* **PROBLEM REQUIREMENTS**
Output the span of lines from the one that contains "Да, пара недель" through the end of the records, inclusive, exactly as written and free of pictures.

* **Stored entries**

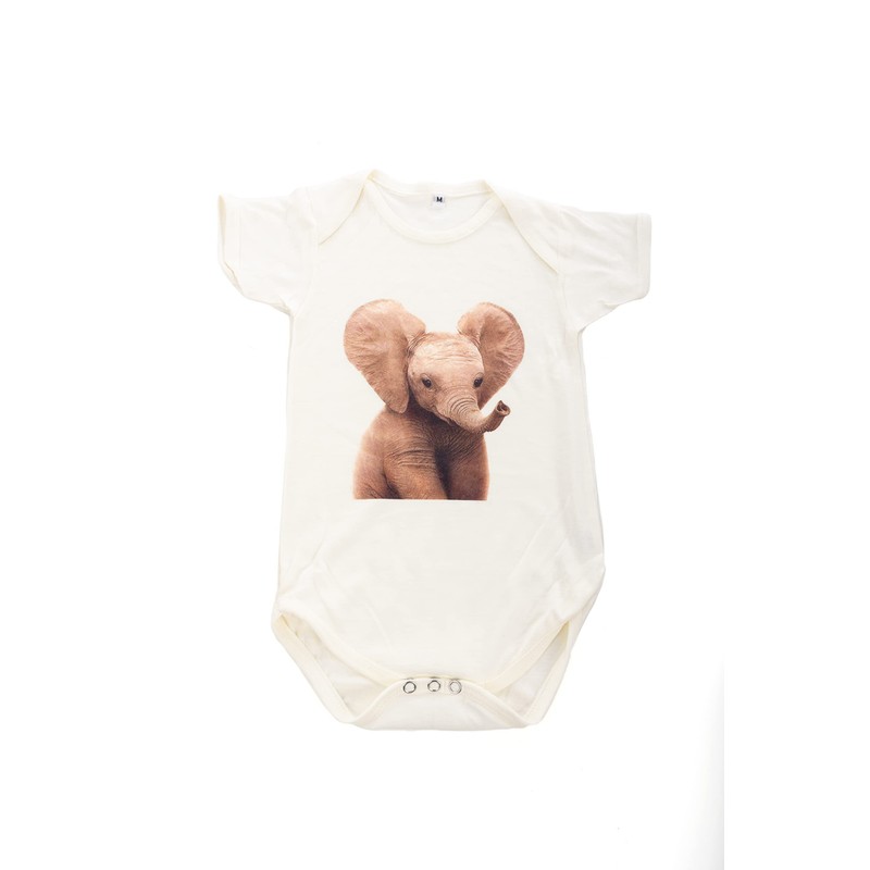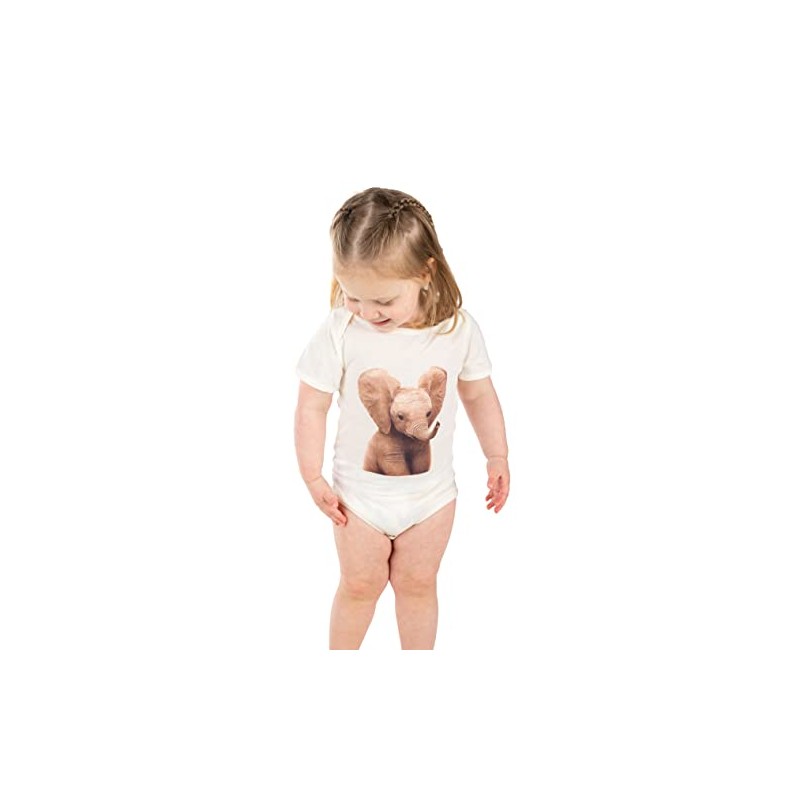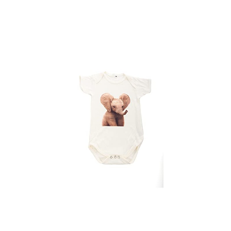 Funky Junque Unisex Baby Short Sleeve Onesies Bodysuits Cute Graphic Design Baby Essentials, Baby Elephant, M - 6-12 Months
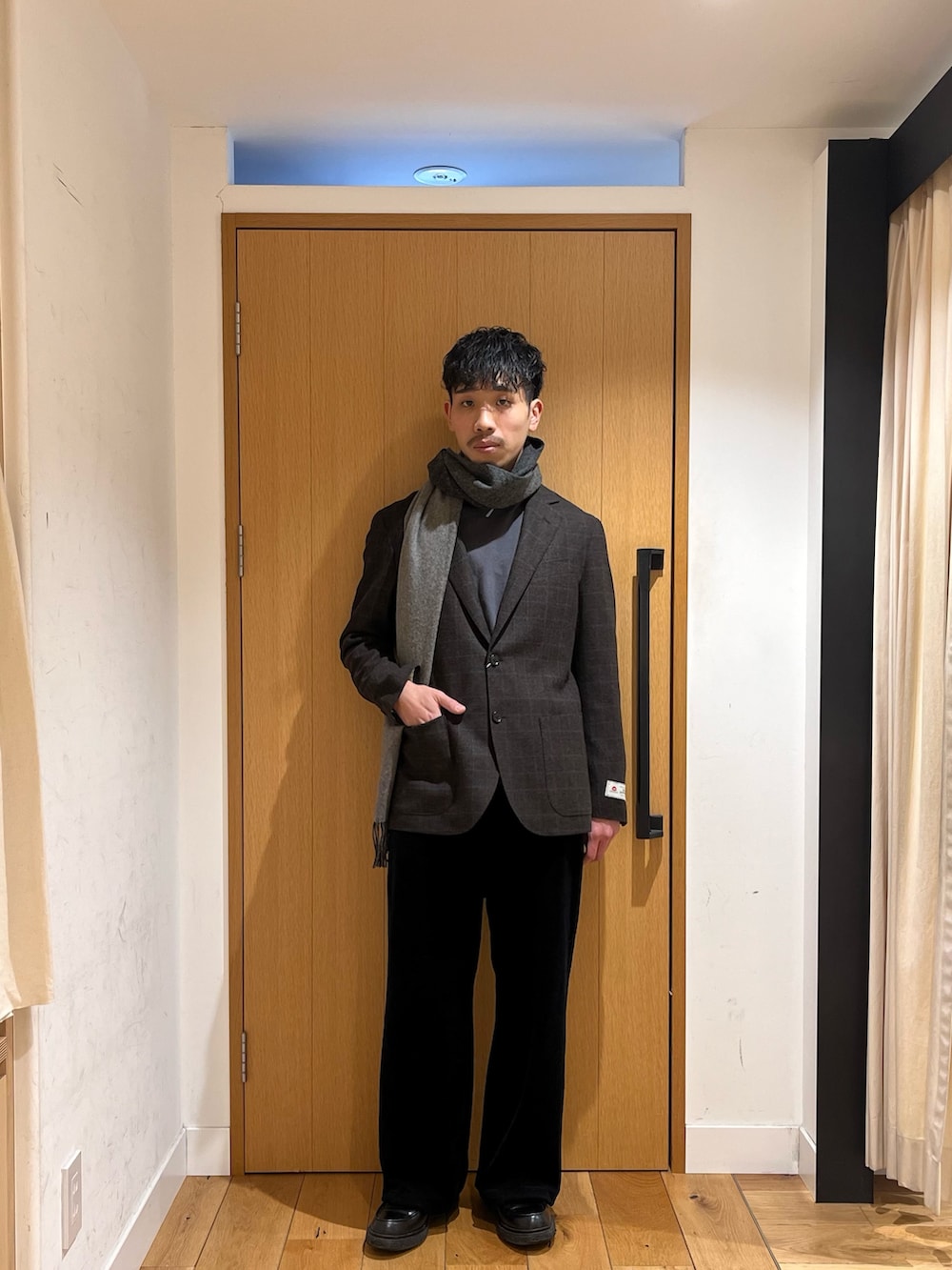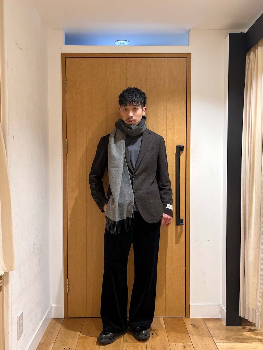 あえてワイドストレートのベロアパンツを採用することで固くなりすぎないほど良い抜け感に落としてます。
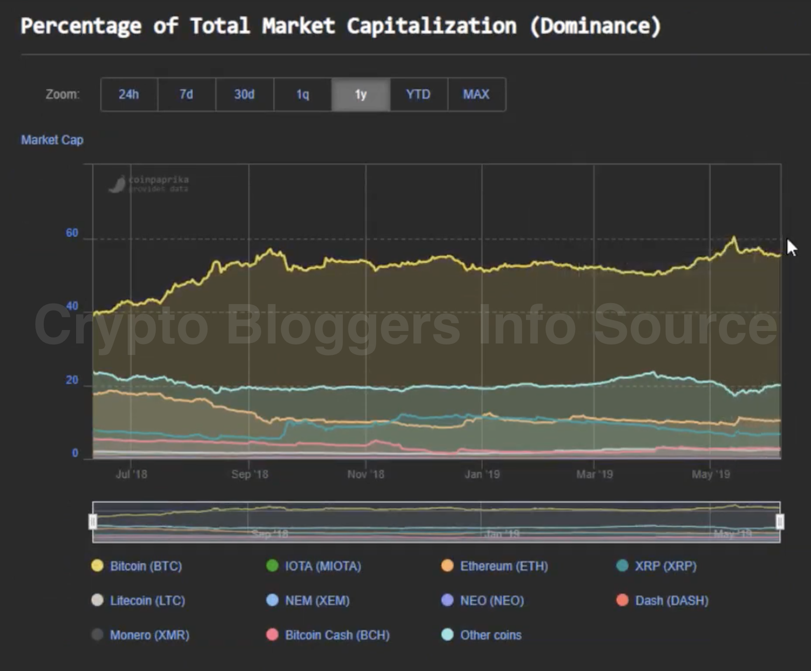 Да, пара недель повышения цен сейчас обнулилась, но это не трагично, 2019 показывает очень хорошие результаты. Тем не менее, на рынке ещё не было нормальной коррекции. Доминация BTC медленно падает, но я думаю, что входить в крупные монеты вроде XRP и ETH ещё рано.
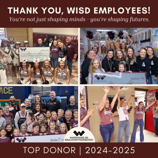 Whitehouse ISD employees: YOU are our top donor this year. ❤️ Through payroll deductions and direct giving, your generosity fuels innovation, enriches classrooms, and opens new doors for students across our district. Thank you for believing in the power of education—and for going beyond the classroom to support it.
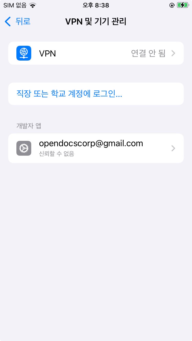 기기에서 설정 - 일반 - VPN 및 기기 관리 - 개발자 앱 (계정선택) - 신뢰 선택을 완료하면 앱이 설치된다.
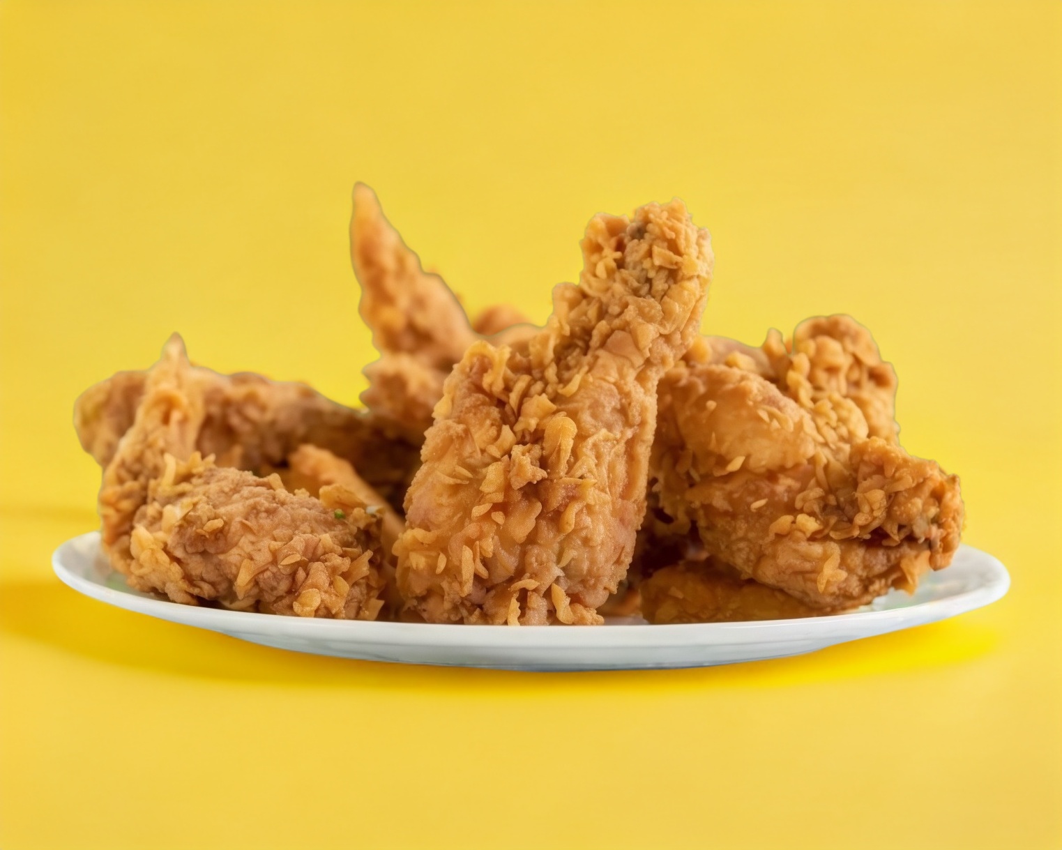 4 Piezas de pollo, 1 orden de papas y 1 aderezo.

* **WRITTEN ANSWER**
 Да, пара недель повышения цен сейчас обнулилась, но это не трагично, 2019 показывает очень хорошие результаты. Тем не менее, на рынке ещё не было нормальной коррекции. Доминация BTC медленно падает, но я думаю, что входить в крупные монеты вроде XRP и ETH ещё рано.
 Whitehouse ISD employees: YOU are our top donor this year. ❤️ Through payroll deductions and direct giving, your generosity fuels innovation, enriches classrooms, and opens new doors for students across our district. Thank you for believing in the power of education—and for going beyond the classroom to support it.
 기기에서 설정 - 일반 - VPN 및 기기 관리 - 개발자 앱 (계정선택) - 신뢰 선택을 완료하면 앱이 설치된다.
 4 Piezas de pollo, 1 orden de papas y 1 aderezo.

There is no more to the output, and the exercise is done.